The crisis in Ukraine, which has been heating up again since October 2021, can be traced back to the Russo-Ukrainian War in 2014. The Russian Federation annexed Crimea without a fight and caused the declaration of independence of the Donetsk People’s Republic and the Lugansk People’s Republic in the eastern region of Ukraine, resulting in the division of the country. However, the war did not end there as Russia still continued to wage hybrid warfare against Ukraine. Since the Chinese PLA is deeply influenced by Russian military thought, and there is a possible chain effect to China-Taiwan relations in the similarities from the Russia-Ukraine situation, it is necessary to look into Russia’s hybrid warfare in Ukraine in preparation of a similar situation in cross-Strait relations.
2. Security Implications
Russia’s hybrid warfare against Ukraine has been a long-running operation. It was in the making long before the 2014 Crimean Crisis and the Donbas War, and it has continued to wage hybrid warfare since then. The following is a list of important points that can be compared to the situation of cross-Strait relations.
2-1. Grey zone tactics
Russia’s hybrid warfare against Ukraine is most widely known for its operation of unidentified covert armed personnel in green uniforms, dubbed “little green men”, to carry out “strategic deception” to annex Crimea through deceptive drills, delivery of “humanitarian supplies”, and other cover-up operations. Russia has also used this grey zone tactic in eastern Ukraine while consistently denying outside accusations; Russia even used civilian security companies to cover up its military intervention. On February 21, 2022, Russia sent troops into the pro-Russian region of eastern Ukraine under the guise of “peace-keeping” to camouflage its military operations.

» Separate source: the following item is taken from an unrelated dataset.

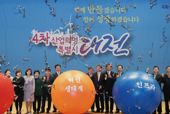 정계, 민·관과 적극적인 협력 다져 국회 4차 산업혁명 포럼과 MOU 체결(2017. 11. 8)로 정계와 협력관계를 공고히 했으며, 세계경제포럼 클라우스 슈밥 의장의 대전시 방문 약속과 함께 응원 메시지를 보내주는 등 세계무대에 대전의 이름을 알리며, 4차 산업혁명 특별시에 한 발 더 다가가는 계기를 마련했다. 또한, 사업이 지속성을 갖고 속도감 있게 추진되기 위해서는 민과관이 협업해 추진하는 것이 무엇보다 중요하다고 판단해 시는 지난 7월 전국 최초로 ‘4차 산업혁명 추진위원회’를 출범했고, 정책방향을 설정하고 사업을 가다듬기 위한 전문가 그룹으로 ‘기획평가정책위원회’를 구성·활동 중이며, 산학연 관계자 10여 명 내외로 구성된 총 200여 명이 활동하는 24개의 과제별 추진단을 구성해 사업 기획부터 실행, 완료까지 모든 과정을 총괄 운영하고 있다. 대전시는 코디네이터로서 지원과 협력을 하며 과제 구체화 및 실행을 위해 노력하고 있다. 4차 산업혁명에 대한 기대와 우려의 목소리가 공존하고 있는 가운데, 우리의 삶은 좀 더 ‘편리’해지고 ‘안전’한 생활을 영위하며 개인별 ‘맞춤’ 서비스는 증진될 것이다. 예를 들면, AI 교통정보 분석을 통해 교통 신호대기 시간이 40% 이상 감소되고, 빅데이터 등을 활용해 범죄 발생율은 낮아질 것이며, 중이온 가속기를 활용한 새로운 암 치료 의료 서비스 제공 등으로 시민들의 삶의 질은 빠른 속도로 향상되리라는 것이 전문가들의 보편적인 견해다. 또한, 4차 산업혁명 선도를 통해 대전의 GRDP는 현재 34조 원에서 2030년 134조 원으로 대폭 증가할 것으로 예상하며, 신규 일자리는 4만 8,000여 개가 생길 것으로 전망되고 있다. 2017년도는 추진 과제 발굴, 추진체계 구축, 대시민 공감대 형성 등 4차 산업혁명 특별시 조성을 위한 발판 마련에 주력해왔으며, 이를 기반으로 2018년도에는 국비 확보 및 사업 구체화 등 시민들이 체감할 수 있도록 사업 가시화를 위해 총력을 다할 것이다.

At this stage, China’s military aircraft incursions into Taiwan airspace are most similar to such actions by Russia. The moves not only can exert pressure on Taiwan but also spy on Taiwan’s air defense capability; these make up China’s “battlefield management” in that while conducting “strategic deception” it can, if required, be immediately transformed into a military invasion. On February 5, 2022, there was another incident in which a Y-12 civilian transport plane approached Taiwan’s ADIZ in Dongyin Island, indicating that China’s means of grey zone tactics are not limited to military aircraft.
2-2. Information warfare
Today, many people consider hybrid warfare a description of the unconventional and conventional warfare waged by Russia against Ukraine; in fact, the term was first used in the US and was seen by Russia as a way to promote a “color revolution” in the former Soviet Union countries to contain Russia. However, the widespread outbreak of color revolutions has exposed that, although Russia is relatively powerful in terms of politics, economics, and military in the former Soviet Union territory, its political system is far less attractive or appealing to others. Portrayed as an aggressor by the West during the Caucasus War with Georgia in 2008, Russia reorganized its state propaganda machine and established Russian state-owned news agency Sputnik International during the Ukraine crisis in 2014 to launch a strong anti-Kyiv, anti-Western information warfare. Sputnik International not only spreads disinformation to vilify the Ukrainian authorities, accuses the West of manipulating the relationship between Russia and Ukraine, but also stresses that Russia is being persecuted by NATO’s eastward expansion to win the approval and support of the Ukrainian people and the rest of the world — this tone has continued to this day. Moreover, Russia is good at creating and disseminating indistinguishable information to confuse the world. For example, during the Crimean crisis in 2014, Russia said that it was invited by exiled former Ukrainian President Viktor Yanukovych to send troops to protect Ukraine; in May 2021, Russian troops participating in an exercise near the border with Ukraine left their heavy equipment behind and returned to their base to create the illusion of being unaggressive; and Putin openly stated that he did not want war when some of the troops participating in the exercise returned to their barracks. However, it’s just another deception and the same aggression happens again.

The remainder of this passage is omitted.